:: Record extracts ::
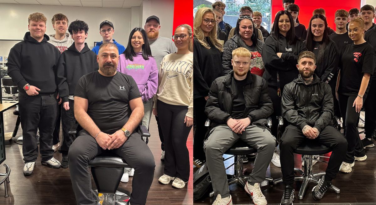 Level 3 Barbering alumni Charlie Smyth and Haz Omar visited the college in October to give students a better understanding of how to perform barbering and shaving techniques that are currently popular in the hair industry.
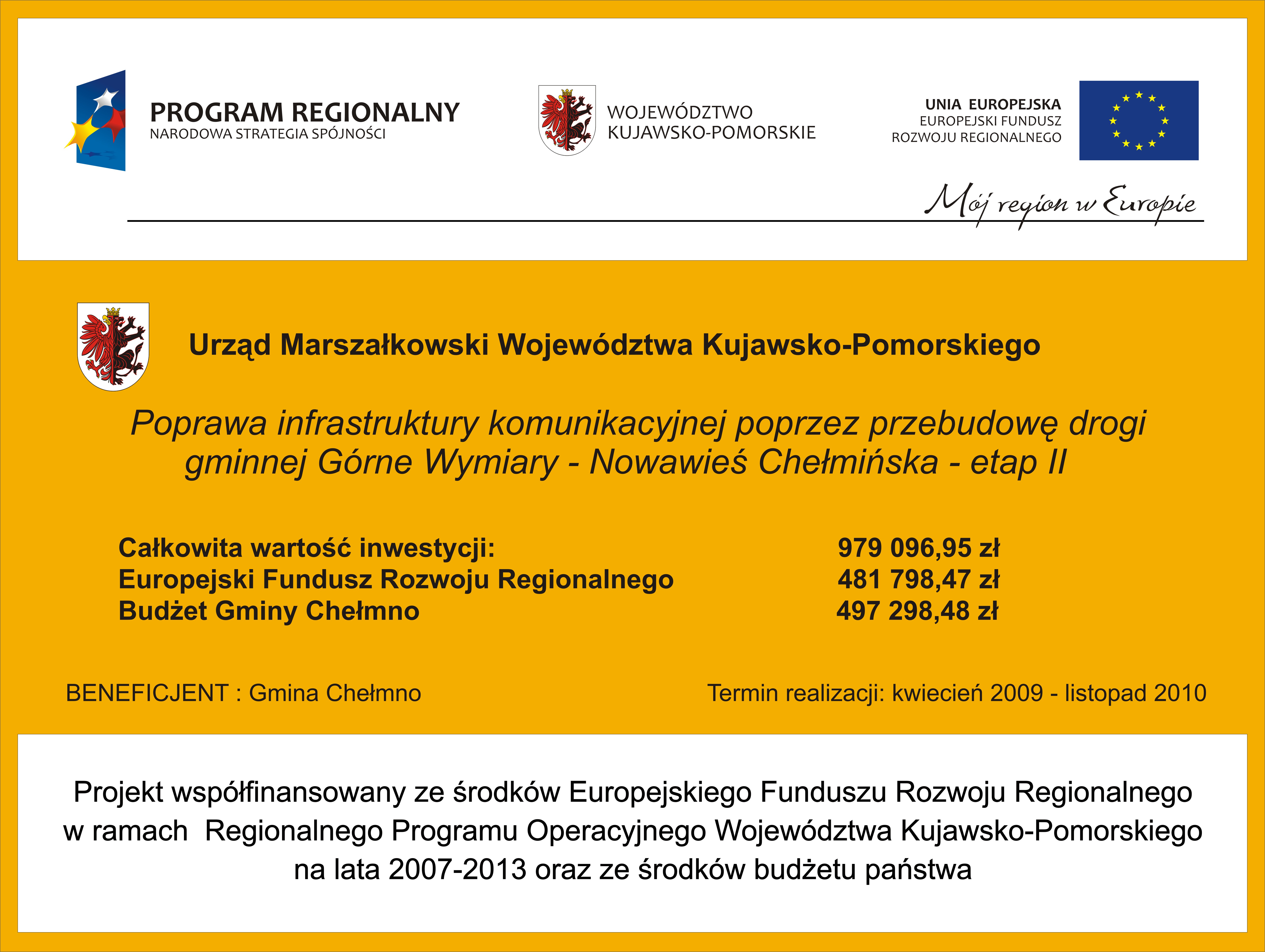 Poprawa infrastruktury komunikacyjnej poprzez przebudowę drogi gminnej Górne Wymiary - Nowawieś Chełmińska - etap II
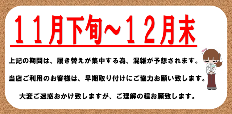11月下旬から12月は、特にピットが混雑致します。
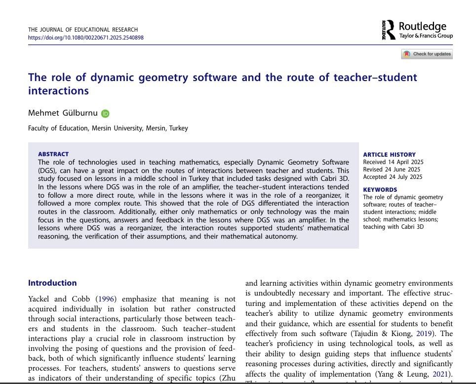 Mehmet Gülburnu (01 Aug 2025): The role of dynamic geometry software and the route of teacher–student interactions, The Journal of Educational Research, DOI: 10.1080/00220671.2025.2540898
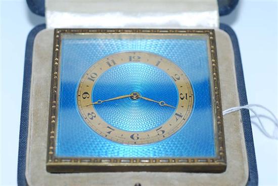A TRAVEL/DESK CLOCK WITH A BLUE GUILLOCHE ENAMEL FACE BY DRUMMONDS, IN ORIGINAL BOX.

:: Exercise description ::
Output exactly, and only, the lines running from the line containing "Poprawa infrastruktury komunikacyjnej" to the last line of the entries above, omitting the pictures.

:: Response to the exercise ::
 Poprawa infrastruktury komunikacyjnej poprzez przebudowę drogi gminnej Górne Wymiary - Nowawieś Chełmińska - etap II
11月下旬から12月は、特にピットが混雑致します。
 Mehmet Gülburnu (01 Aug 2025): The role of dynamic geometry software and the route of teacher–student interactions, The Journal of Educational Research, DOI: 10.1080/00220671.2025.2540898
A TRAVEL/DESK CLOCK WITH A BLUE GUILLOCHE ENAMEL FACE BY DRUMMONDS, IN ORIGINAL BOX.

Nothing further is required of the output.